It was an impossible situation for me. My husband arrived home one day and said he wanted to return home to Australia. The kids said they didn't want to come and told me to choose between them and my husband.

I joined this board in order to add my tuppence worth. It struck me that everyone posting on this thread were parents unhappy with their childrens' reactions.

I appreciate that you were in an impossible situation so I do sympathise.

However, I feel I'd like to put the other side of the argument. My mother and stepfather went to Adelaide when I was in my early 20s. I went with my girlfriend now wife for 4 years, though to Sydney (didn't fancy Adelaide at that stage of my life).
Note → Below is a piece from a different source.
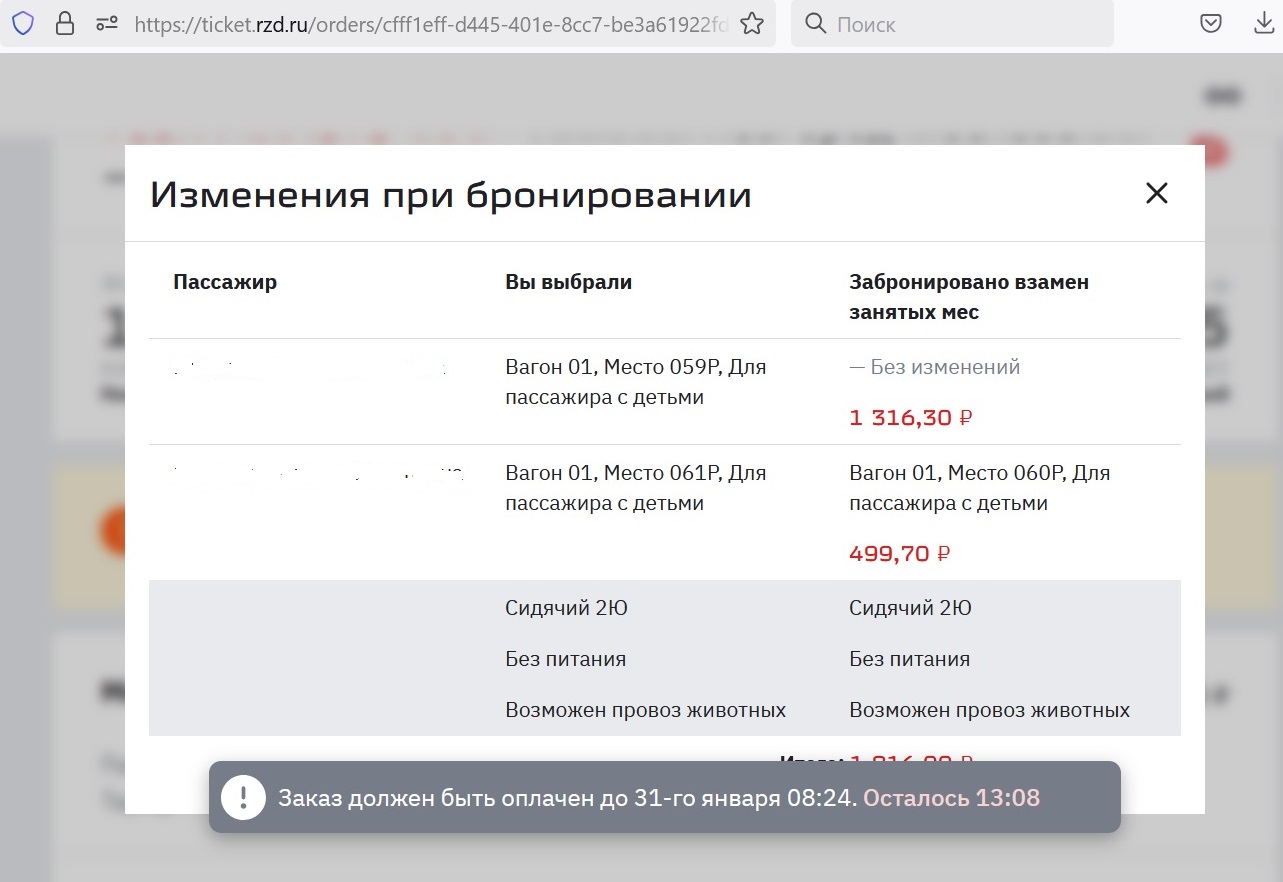 Однако возникает недоумённый вопрос: а что значит нуль в скобках? Заявка была на двух человек, а место предлагается лишь одно? И что, предлагается его купить, а дальше оставить новую заявку на второго пассажира?

Returned to the UK after 4 years after gaining citizenship. Returned for a variety of reasons, some of which were that distance meant I wasn't seeing much of my mum, my dad (still in UK - parents divorced) had cancer and my girlfriend's family were all in UK. We wanted to get married and didn't want do do it in Sydney with little family around.

So, returned to UK, got married, my dad died, wife's dad died, had 2 kids. I really resented my mum and stepfather for not being there for us when we had 2 young children (we are 130 miles from my wife's family too and my mother-in-law is nearly 80 so can't help out).

I didn't talk to my mum for about 6 months. I wanted her to know the depth of my feeling and yes, perhaps it was childish, but I felt powerless to do anything else.

In the meantime, my sister (then in UK - expat husband so all over the place) was seriously ill with malignant melanoma. She too has 2 kids. Mum and stepfather came for a couple of weeks but that was it. My sister recovered, but I often wonder how they managed to get back on that plane and return to a place where they had not a single relative.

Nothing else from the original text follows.